__Your task__
In the material below, find the line containing "综合分析近半年整体不同色系运" and the line containing "巻上機ドラム内でワイヤーが緩んで乱巻き状態でした😱". Output those two lines and all lines between them exactly, without pictures.

__Extracted material__
____

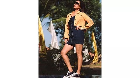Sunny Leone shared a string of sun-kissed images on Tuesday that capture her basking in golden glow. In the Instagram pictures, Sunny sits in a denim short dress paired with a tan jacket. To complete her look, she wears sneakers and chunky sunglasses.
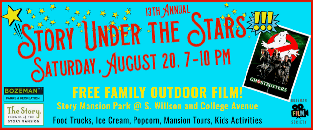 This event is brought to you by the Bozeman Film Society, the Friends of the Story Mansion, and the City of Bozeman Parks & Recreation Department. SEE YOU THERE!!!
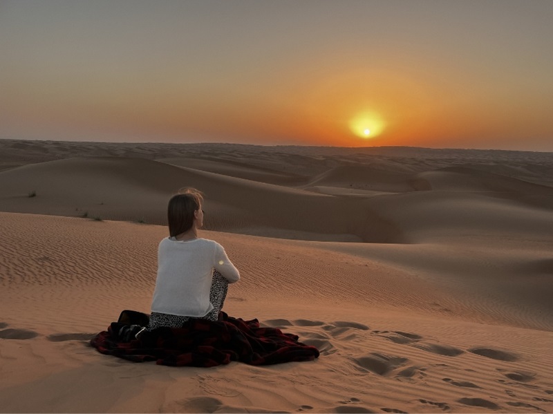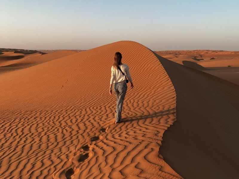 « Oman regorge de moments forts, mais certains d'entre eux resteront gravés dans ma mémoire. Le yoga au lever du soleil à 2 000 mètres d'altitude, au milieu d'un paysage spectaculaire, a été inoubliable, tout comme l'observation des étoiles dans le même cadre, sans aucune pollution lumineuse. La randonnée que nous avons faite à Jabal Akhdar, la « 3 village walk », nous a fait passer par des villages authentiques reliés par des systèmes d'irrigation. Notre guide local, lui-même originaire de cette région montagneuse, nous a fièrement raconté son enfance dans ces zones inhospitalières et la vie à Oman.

____

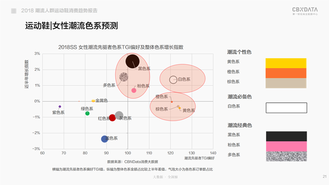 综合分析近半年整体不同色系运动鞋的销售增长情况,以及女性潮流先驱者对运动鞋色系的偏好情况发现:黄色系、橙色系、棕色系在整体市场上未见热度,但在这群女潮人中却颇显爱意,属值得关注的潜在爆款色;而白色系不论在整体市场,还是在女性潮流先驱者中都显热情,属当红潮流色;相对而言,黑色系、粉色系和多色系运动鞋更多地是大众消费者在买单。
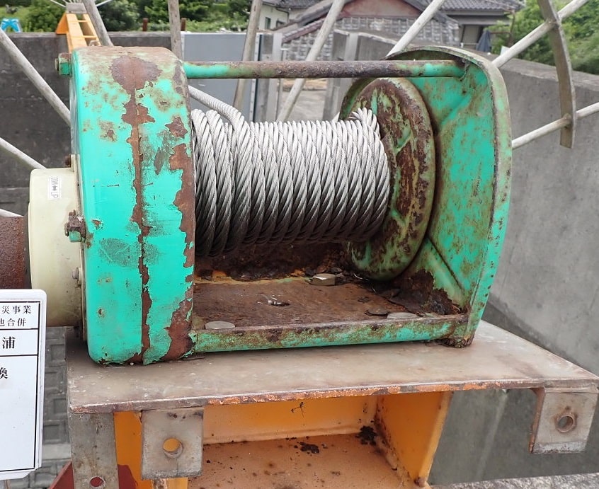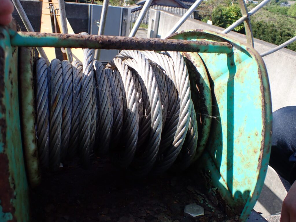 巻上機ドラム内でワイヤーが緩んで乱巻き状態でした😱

____

__Solved exercise__
 综合分析近半年整体不同色系运动鞋的销售增长情况,以及女性潮流先驱者对运动鞋色系的偏好情况发现:黄色系、橙色系、棕色系在整体市场上未见热度,但在这群女潮人中却颇显爱意,属值得关注的潜在爆款色;而白色系不论在整体市场,还是在女性潮流先驱者中都显热情,属当红潮流色;相对而言,黑色系、粉色系和多色系运动鞋更多地是大众消费者在买单。
 巻上機ドラム内でワイヤーが緩んで乱巻き状態でした😱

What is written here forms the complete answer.